It was an acknowledged source of damage, it wasn’t really part of their strategy. The USSR understood they would ALSO get some benefit from it.
The paranoid fools always obsess on the “one nuke 300 miles up” thing. That’s the one I mock the hardest because it’s just plain STUPID. As you already admitted. As for lower altitude then the real problem is the nuclear blast itself. Between the fireball, the blast wave and the fallout EMP is so far down the threat scale to be utterly pointless. The military’s job is to prepare for everything, after all they’re expected to keep fighting even after the country has been nuked out of existence.
Actually my position is widely shared. Most of the world realizes the whole thing is silly, which is why even though people have been insisting this is a massive threat for 50+ years only some civil infrastructure has even bothered with it. Even during the highly paranoid days of having kids in school duck and cover constantly they weren’t prepping for EMP, even though they knew it existed. It’s quite simply not that big a deal.
Ok friend. We will agree to disagree on most everything else, while agreeing that an EMP is actually a documented phenomena
There are reports before congress on the effects of EMP: http://www.empcommission.org/docs/empc_exec_rpt.pdf
Search by "EMP Congressional reports", and you will find a lot more.

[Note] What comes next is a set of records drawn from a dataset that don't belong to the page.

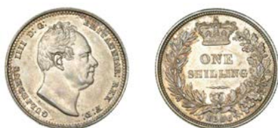
452 Shilling, 1836 (ESC 2494 [1273]; S 3835). Extremely fine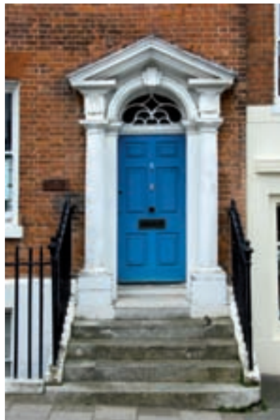
Figure 31 (far right) Rusticated doorcase, Union Crescent. This example reflects a simplified version of the elaborate vermiculated surrounds used in Bedford Square, London (1776–86) . [DP026088]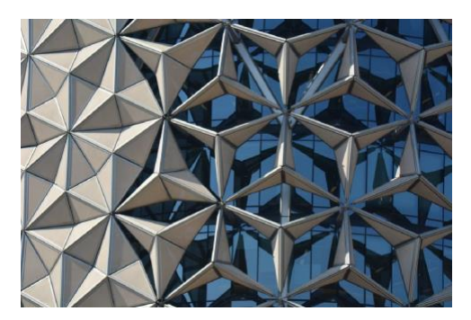
Fig. 9. Fragment of the facade of the Al Bahr Tower in the UAE (https://arttravelblog.ru/dostoprimechatelnosti/bashni-bliznecy-al-baxar-v-abu-dabi-oae.html)

During the design and construction of the Al Bahr Towers in the UAE (https://arttravelblog.ru/dostoprimechatelnosti/bashni-bliznecy-al-baxar-v-abu-dabi-oae.html) (Fig. 9), the goal was set to create, regardless of the extreme heat conditions, a comfortable indoor microclimate without the consumption of large amounts of power.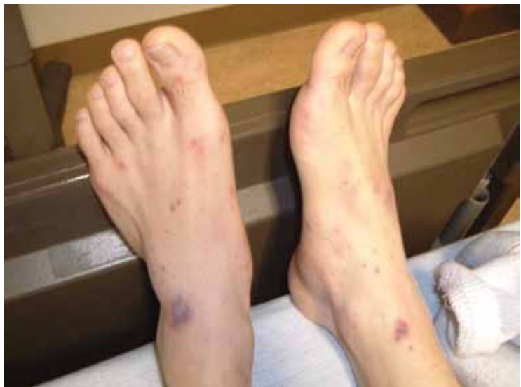
FIGURE 1. Petechial rash from Neisseria meningitidis .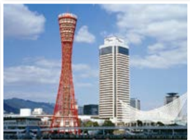
Kobe Port Tower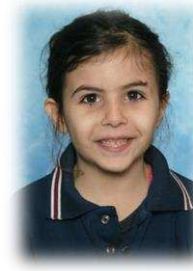
Harmony Yr 3 - Rm 6.5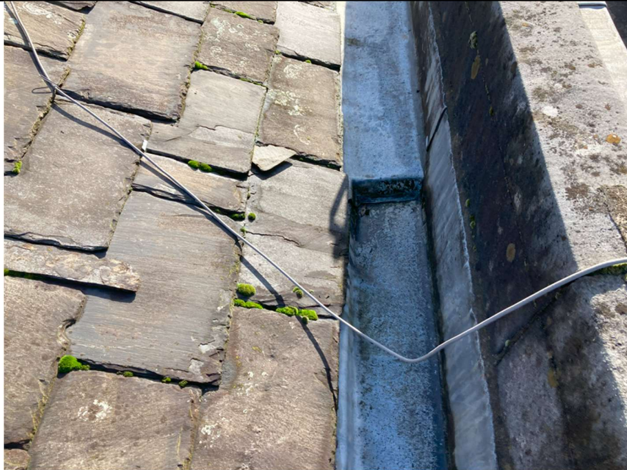
Plate 9 – Further slate damage to elevation E3A.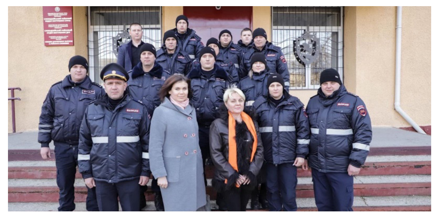
UNFPA provides support to the police in Ukraine to improve their GBV response

In Ukraine , the UNFPA EMBRACE project worked with the Government of Ukraine to change the policy and legislative landscape to support the prevention of GBV, to establish sustainable services for survivors, and to enable the effective prosecution of those perpetrating GBV. In doing so it has helped to establish 16 shelters, five crisis rooms, and ten centres for GBV survivors across the country.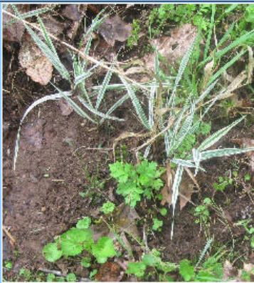
Ribbon Grass, Mugwort, Violets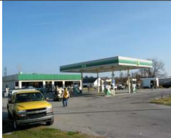
Site 5: Nancy's Mini Mart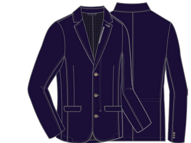
G7F7J621 PERFORMANCE OUTERWEAR BLAZER 97% POLYESTER / 3% SPANDEX TWILL Water repellent, Stretch, Check lining, Button and zip front, Zip pockets MSRP $149.00 / GNCW7450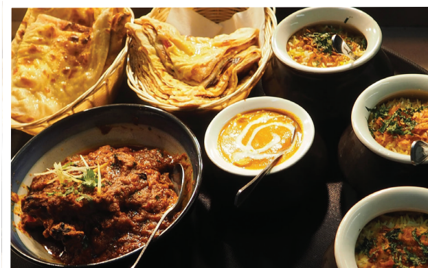
Meat lover or vegetarian? Hot and spicy or mild? Whatever your preference, Swagat Indian Cuisine has a variety of options for everyone.

Locals may not find a lively or exciting atmosphere in Swagat Indian Cuisine, but they love the locally owned restaurant's many options for plenty of packed flavor, large portions, prompt and friendly wait staff and lunch specials. Guests can't get enough of the Tandoori Roti, Lamb Biryani, Butter Chicken, Chicken Tikka Masala, Tikki Aloo (spiced potato cakes) and paneer pakora (deep fried cheese). "The vegetarian menu is incredible! I personally cannot get enough of the Nav Ratan Sahi Korma with the Kashmiri Naan," stated a Facebook review. "Seriously the best Indian food I've ever had," added a Google reviewer. "Everything came out STEAMING hot and fresh. The Garlic Naan was amazing, but the mixed Tandoori Grill was incredibly impressive. The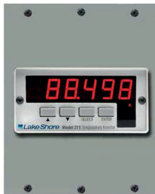
2111 Single 1/4 DIN panel-mount adapter, 105 mm W \times 132 mm H (4.1 in \times 5.2 in)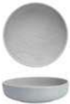
Bowl 3300.52514GY 7.8x2", 40oz (20x5.5cm, 1.2L)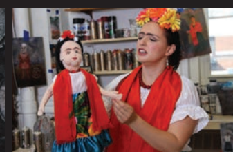
The Colors of Frida by Teatro SEA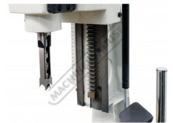
Rack and Pinion Head Movement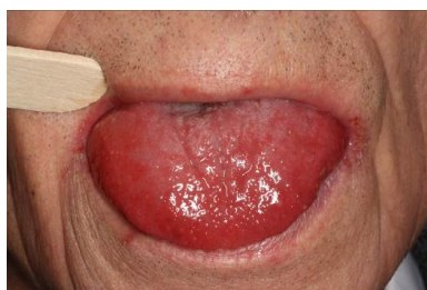
Figure 3. Grade 1.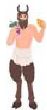
PAN | PANURGUS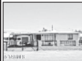
109 E. 2nd Ave, Mammoth MLS#: 21514927

• DW 3 bedroom Mobile home on 1.4 acres with views with double garage $139,000. MLS # 21618793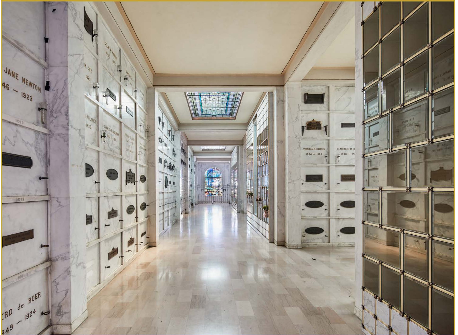
VALENTINO SHRINE CREMATION NICHES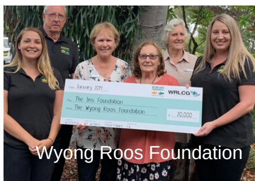
Wyong Roos Foundation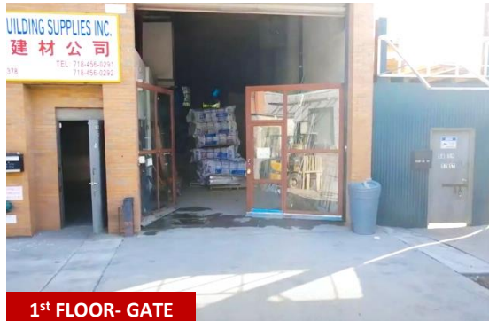
1 st FLOOR- GATE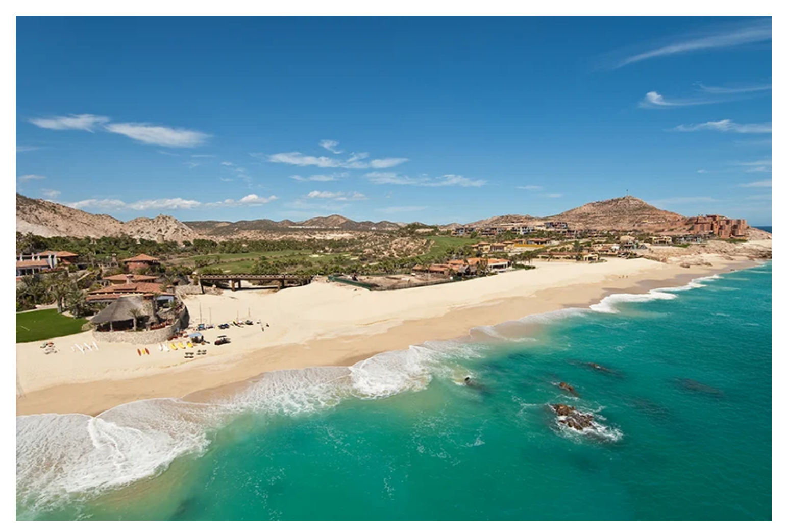
Cabo San Lucas

Destinations across Mexico are making their official reopenings, most with certifications from the World Travel & Tourism Council (WTTC) after meeting its standardized health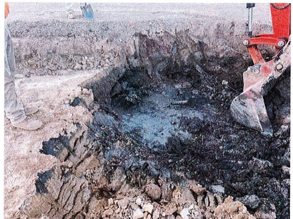
Excavated ditch at Baseball field Back Stop area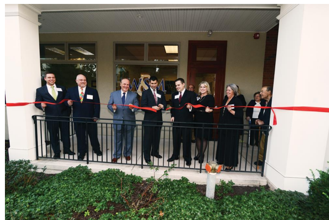
Wealth Strategies & Management, LLC 907 Main Street, Suite 102 Stroudsburg, PA 18360 570-424-1555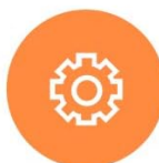
Quick & Easy setup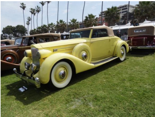
1937 Twelve Convertible Roadster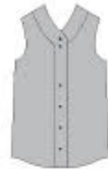
SLEEVELESS FULL BUTTON (SB54W)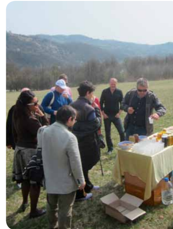
Meeting the President of the Kraljevo Beekeepers' Association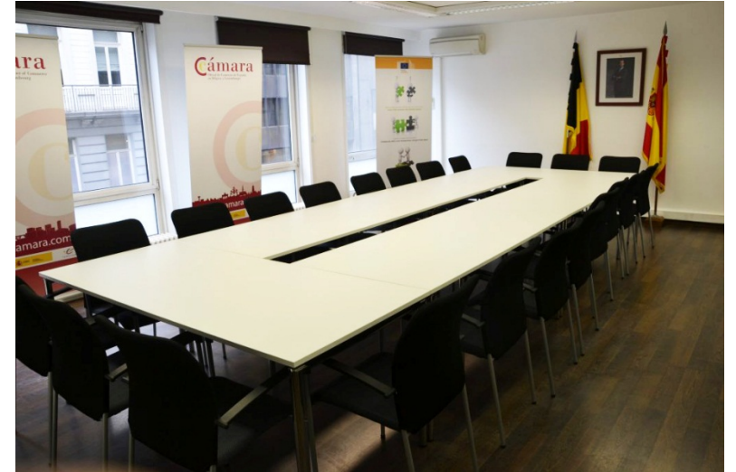
Capacity: up to 24 people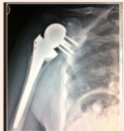
Figure 6: One-year follow up right shoulder AP X-ray, demonstrating evidence of a resorbed glenoid graft.

Many years ago I taught chemical/biological/nuclear warfare survival, so, while not an expert, I have some idea.
In the cold war era, ham radio operators in the UK protect some, or all of their equipment by storing it in metal containers with insulating material between the equipment and the container.
This is cheap and easy to do.
Old ammo cans, metal garbage pails with metal lids, etc.
The insulation can be cardboard, newspapers, plastic, rubber, etc.
I protect some of my ham equipment that way right now.